• [REQUIRED WORK]
Print the records below word for word, but leave out the pictures.

╔══

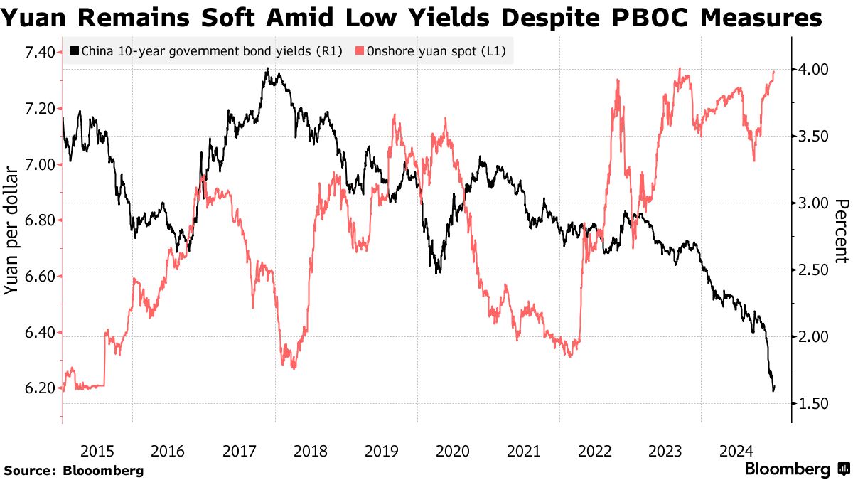 即便在中国人民银行采取连续措施以实现逆转的情况下也是如此。就在本周,中央银行加大了对人民币的支持,通过每日汇率调控,提升了对人民币的需求离岸并表示暂时暂停债券购买。
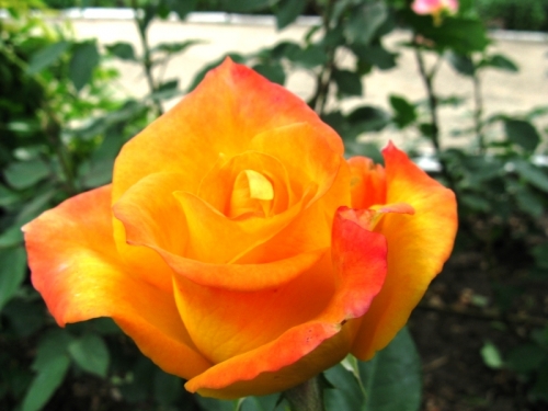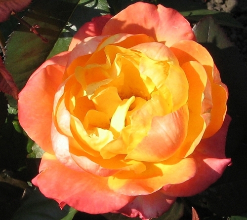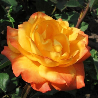 Куст вырастает компактным (высотой до 90 см и шириной около 40 см) и прямостоячим. Листья мясистые, насыщенно-зеленые, с глянцевым блеском. Распустившийся бутон густомахровый (40 – 45 лепестков), плотный, диаметром 10 – 12 см. На каждом цветоносе образуется по 1 – 3 розочки. Окрас лепестков ярко-желтый, плавно преобразующийся в алый. Причем цвет бутонов меняется в зависимости от погоды. Цветение пышное и непрерывное. Аромат приятный, едва уловимый.
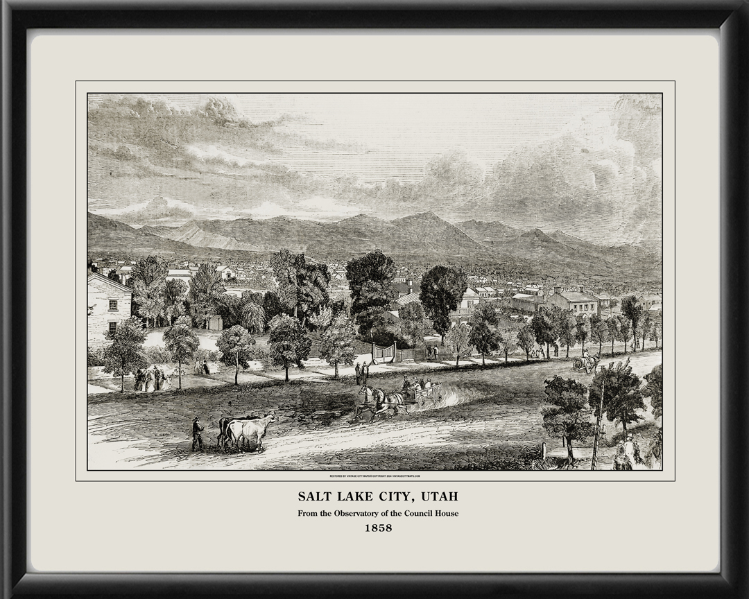 Restored bird’s eye view of Salt Lake City, Utah, from the Observatory of the Council House, from the original engraving published in Harper’s Weekly, 1858.
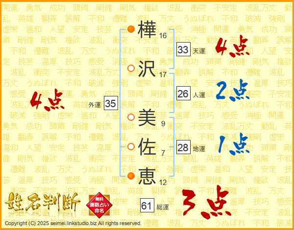 樺(16画)沢(17画) 美(9画)佐(7画)恵(12画)
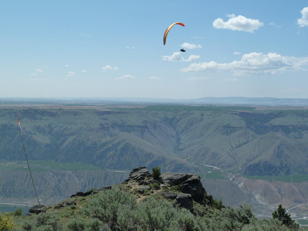 Paraglider Matt Senior takes off from Chelan Butte on May 31, 2014, en route to setting a state free-flight distance record of 180 miles. (Heather St. Claire)
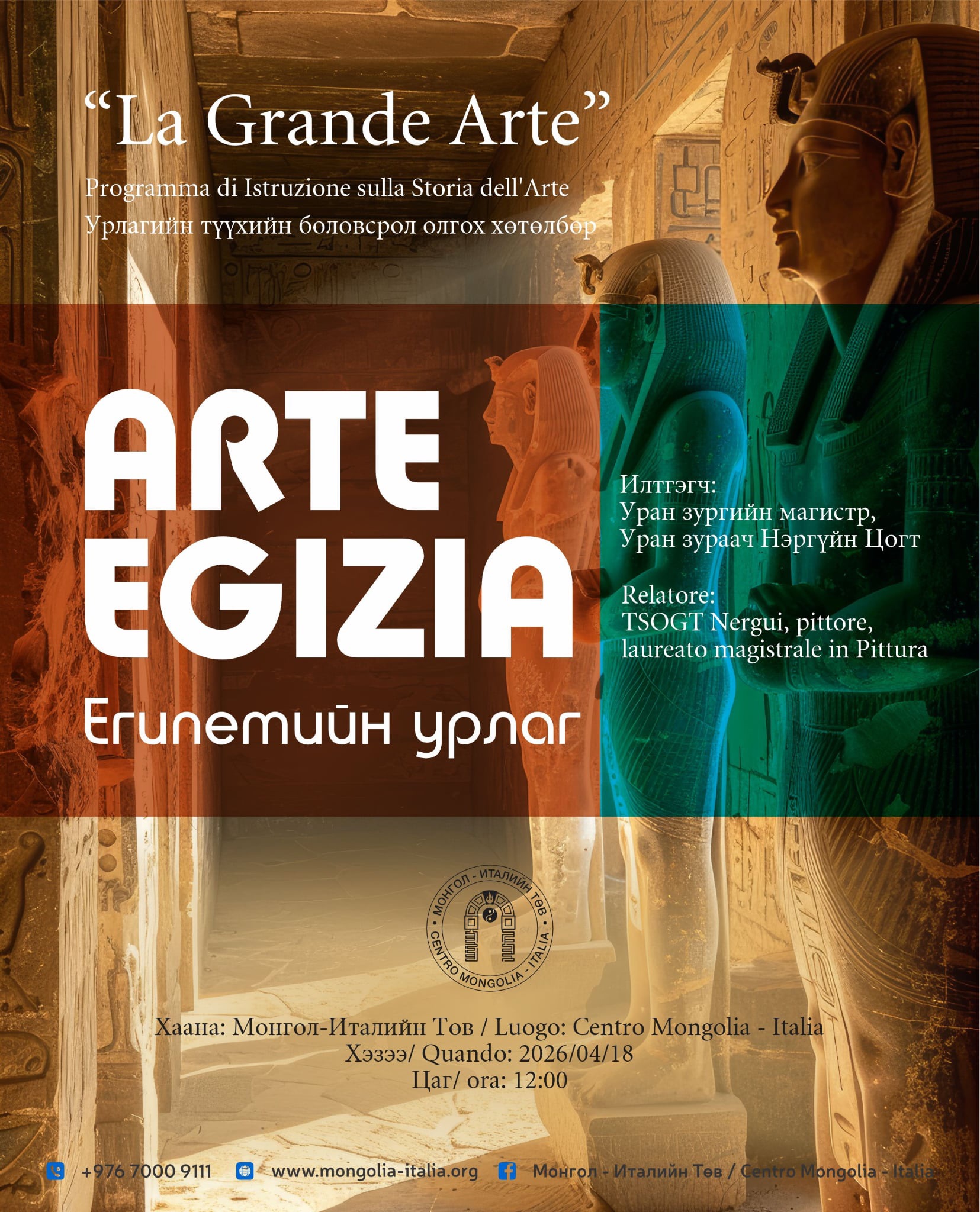 Энэ удаагийн сургалт "Arte Egizia" буюу "Египетийн урлаг" сэдвийн дагуу зохион байгуулагдана.
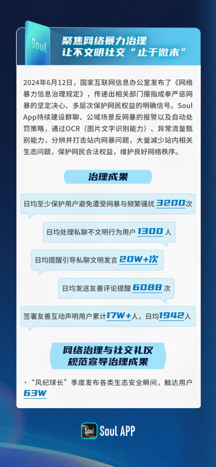 此外,Soul的官方"风纪球长"在本季度发布了多条关于生态安全的重要信息,信息触达63万用户,进一步强化了Soul对网络文明的承诺和对用户安全的保障。
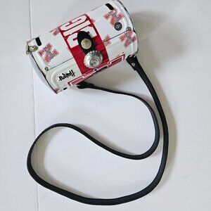 An awesome cross body bag from a Husker fan estate. Little Earth brand, Nebraska Husker purse, pre owned and in great vintage condition. Only signs of wear are minor fine scratches on silver metal round areas. See photos. Strap can be made to clip on purse to wear the purse horizontally or vertically. It. has a soft black lined interior. The strap measures approximately 45 inches in length. Non smoking pet free home.
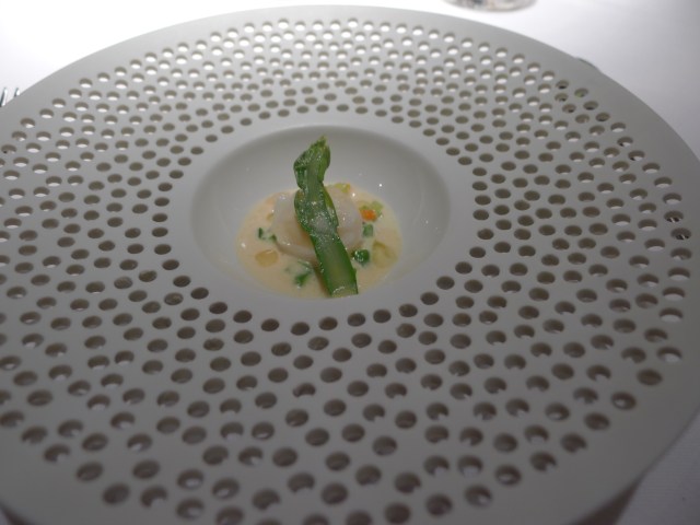 Our tapa was a small almond-milk based soup with a scallop and asparagus on top. It was excellent. Nice and light, bright flavors.

╚══

• [TASK RESULT]
 即便在中国人民银行采取连续措施以实现逆转的情况下也是如此。就在本周,中央银行加大了对人民币的支持,通过每日汇率调控,提升了对人民币的需求离岸并表示暂时暂停债券购买。
 Куст вырастает компактным (высотой до 90 см и шириной около 40 см) и прямостоячим. Листья мясистые, насыщенно-зеленые, с глянцевым блеском. Распустившийся бутон густомахровый (40 – 45 лепестков), плотный, диаметром 10 – 12 см. На каждом цветоносе образуется по 1 – 3 розочки. Окрас лепестков ярко-желтый, плавно преобразующийся в алый. Причем цвет бутонов меняется в зависимости от погоды. Цветение пышное и непрерывное. Аромат приятный, едва уловимый.
 Restored bird’s eye view of Salt Lake City, Utah, from the Observatory of the Council House, from the original engraving published in Harper’s Weekly, 1858.
 樺(16画)沢(17画) 美(9画)佐(7画)恵(12画)
 Paraglider Matt Senior takes off from Chelan Butte on May 31, 2014, en route to setting a state free-flight distance record of 180 miles. (Heather St. Claire)
 Энэ удаагийн сургалт "Arte Egizia" буюу "Египетийн урлаг" сэдвийн дагуу зохион байгуулагдана.
 此外,Soul的官方"风纪球长"在本季度发布了多条关于生态安全的重要信息,信息触达63万用户,进一步强化了Soul对网络文明的承诺和对用户安全的保障。
 An awesome cross body bag from a Husker fan estate. Little Earth brand, Nebraska Husker purse, pre owned and in great vintage condition. Only signs of wear are minor fine scratches on silver metal round areas. See photos. Strap can be made to clip on purse to wear the purse horizontally or vertically. It. has a soft black lined interior. The strap measures approximately 45 inches in length. Non smoking pet free home.
 Our tapa was a small almond-milk based soup with a scallop and asparagus on top. It was excellent. Nice and light, bright flavors.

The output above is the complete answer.